Source data
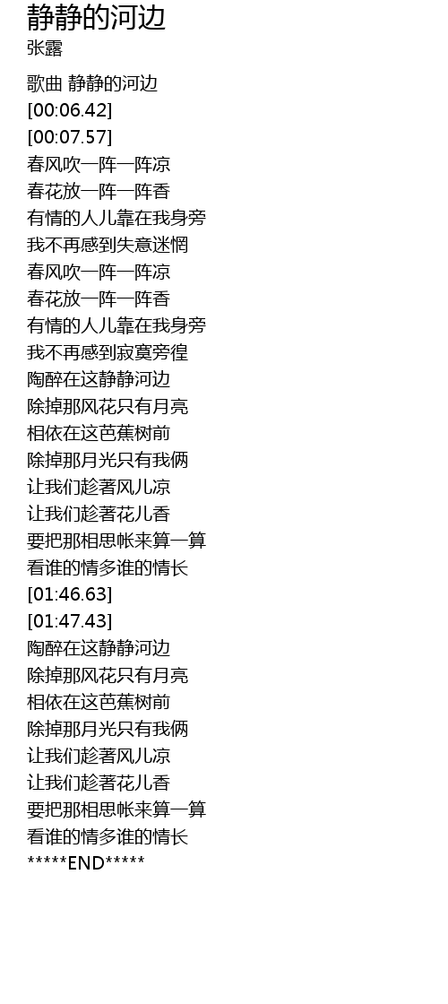 | [00:47.10] | chun feng chui yi zhen yi zhen liang |
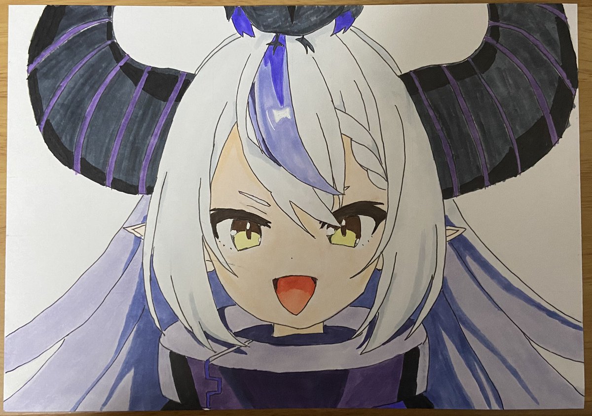 ラプ様の色塗り終わりました〜!久しぶりに色塗ったからめっちゃむずかった笑 次は何描こうかな🤔😕 #ホロライブ #ホロライブ6期生 #ラプラスダークネス #アトリエの系譜 #イラスト #模写 #絵描きさんと繋がりたい
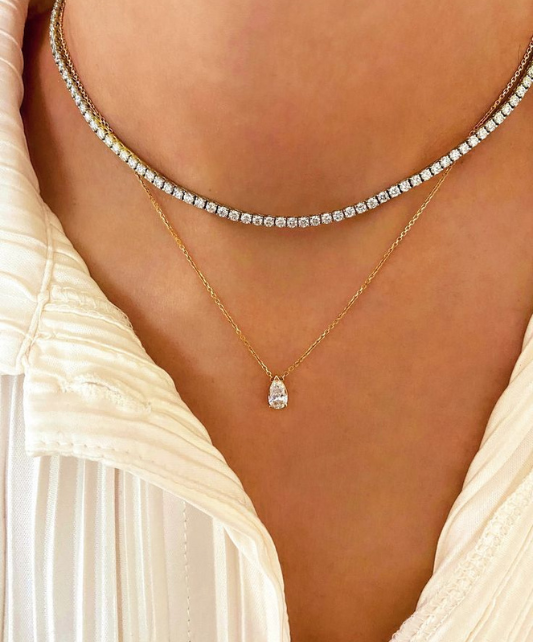 Pear Diamond Tennis Necklace Pear Moissanite Diamond Tennis Necklace
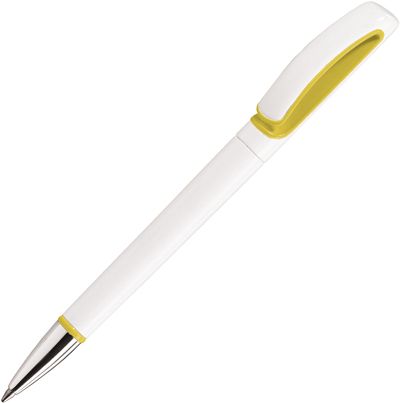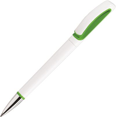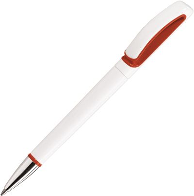 A twist action ball pen with a contrasting trim under the clip and chromed nose cone for a very modern look.
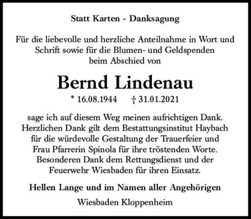Hier finden Sie alle Traueranzeigen aus der Zeitung, die bisher für Bernd Lindenau erschienen sind. Weitere Traueranzeigen, die in der Zeitung erscheinen, werden hier ebenfalls aufgelistet
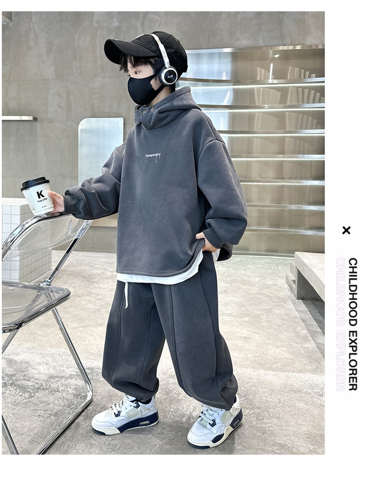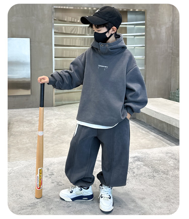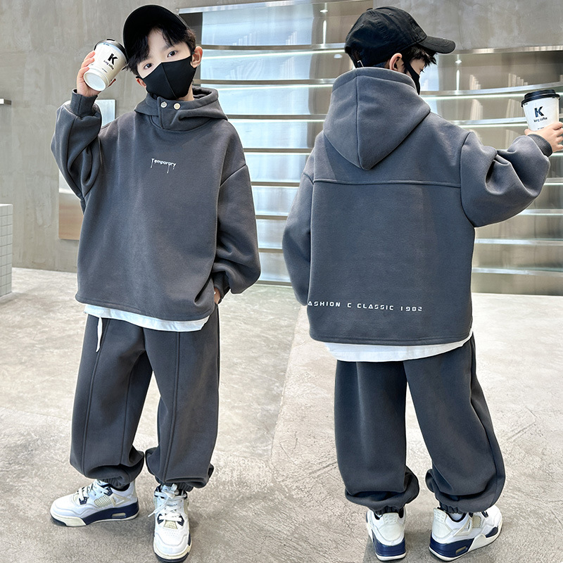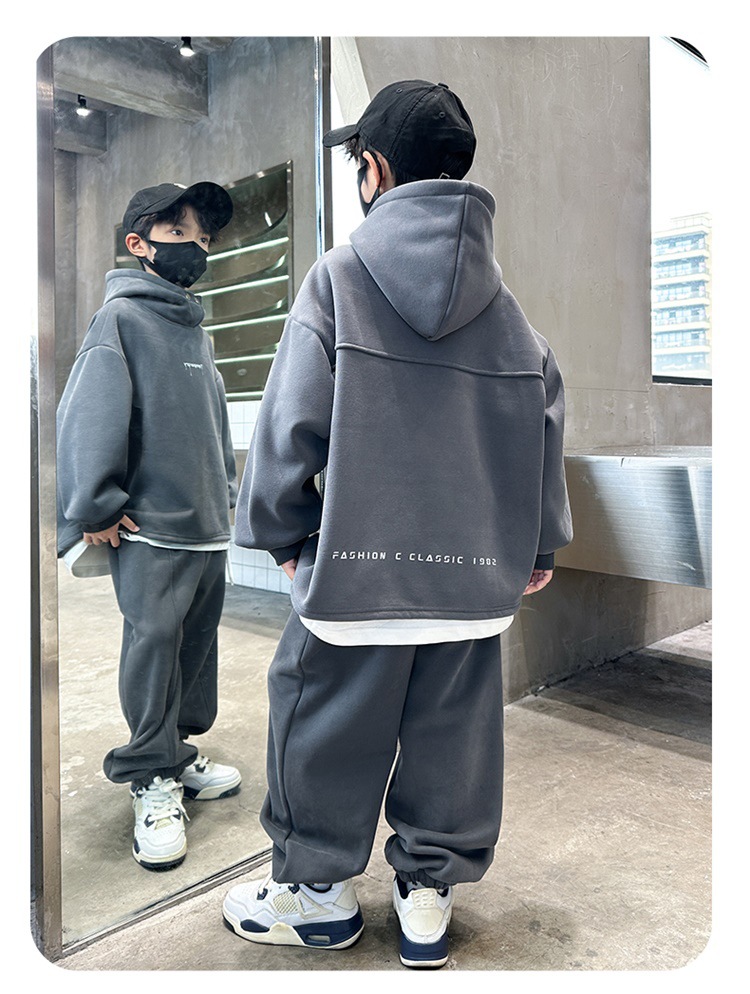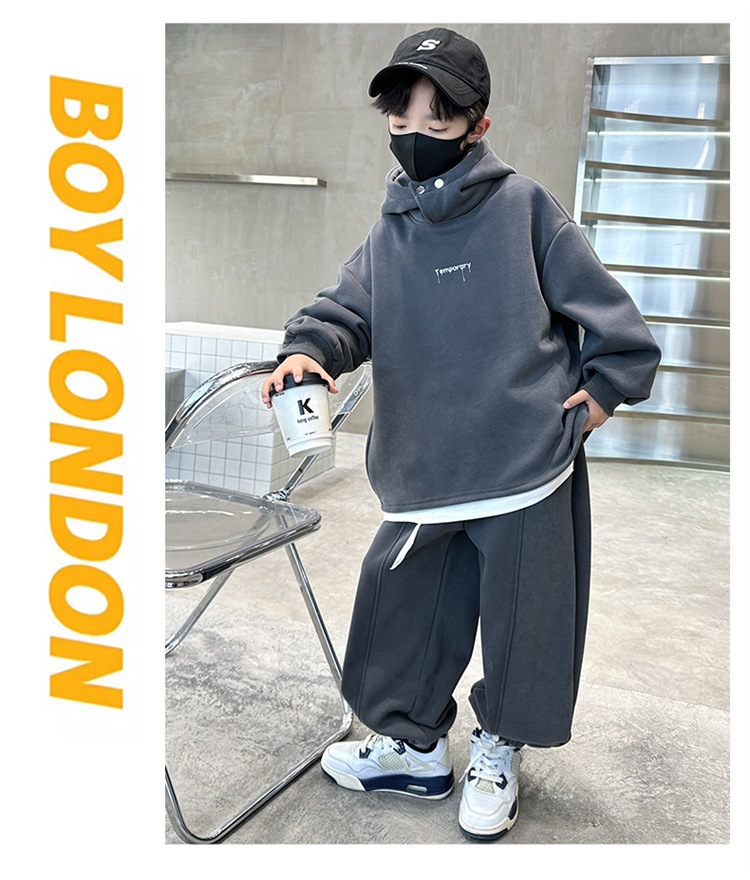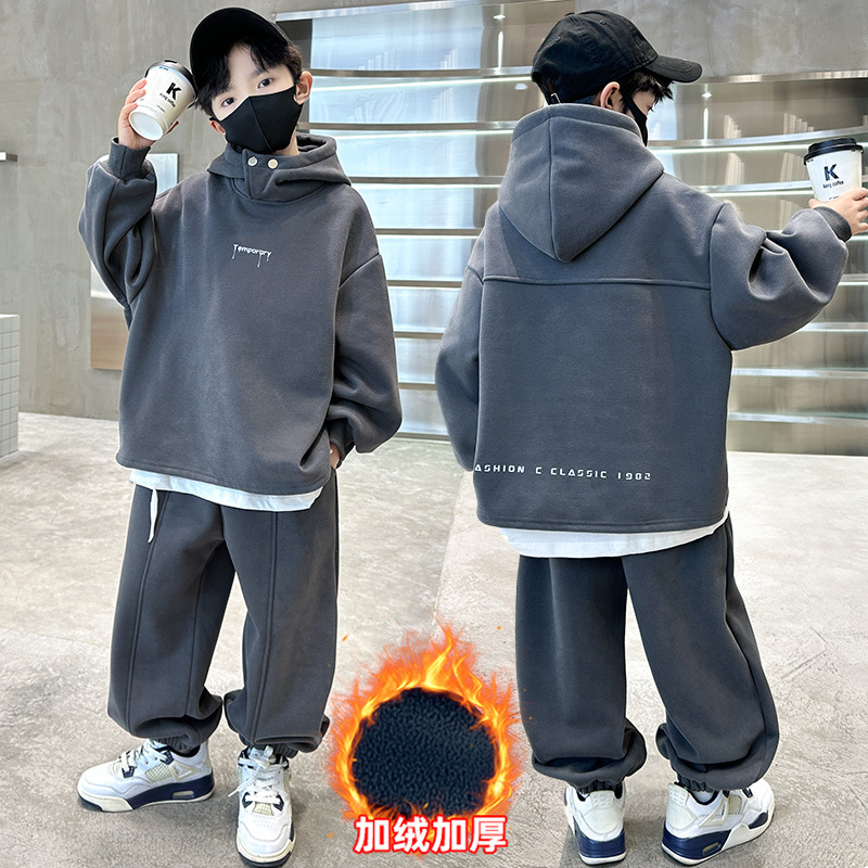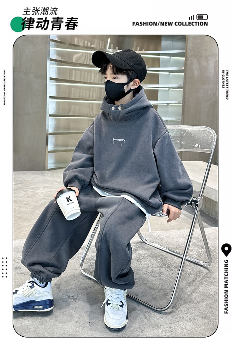아동복 남아 가을 의류 세트 2025 신상 가을 겨울 스웨트셔츠 멋진 큰 아이들용 플리스 운동복 투피스 세트스토어 가기

What to work on
From the line containing "Pear Diamond Tennis" down to the last line of the records above, repeat every line exactly and nothing else, dropping any pictures.

Task output
 Pear Diamond Tennis Necklace Pear Moissanite Diamond Tennis Necklace
 A twist action ball pen with a contrasting trim under the clip and chromed nose cone for a very modern look.
Hier finden Sie alle Traueranzeigen aus der Zeitung, die bisher für Bernd Lindenau erschienen sind. Weitere Traueranzeigen, die in der Zeitung erscheinen, werden hier ebenfalls aufgelistet
아동복 남아 가을 의류 세트 2025 신상 가을 겨울 스웨트셔츠 멋진 큰 아이들용 플리스 운동복 투피스 세트스토어 가기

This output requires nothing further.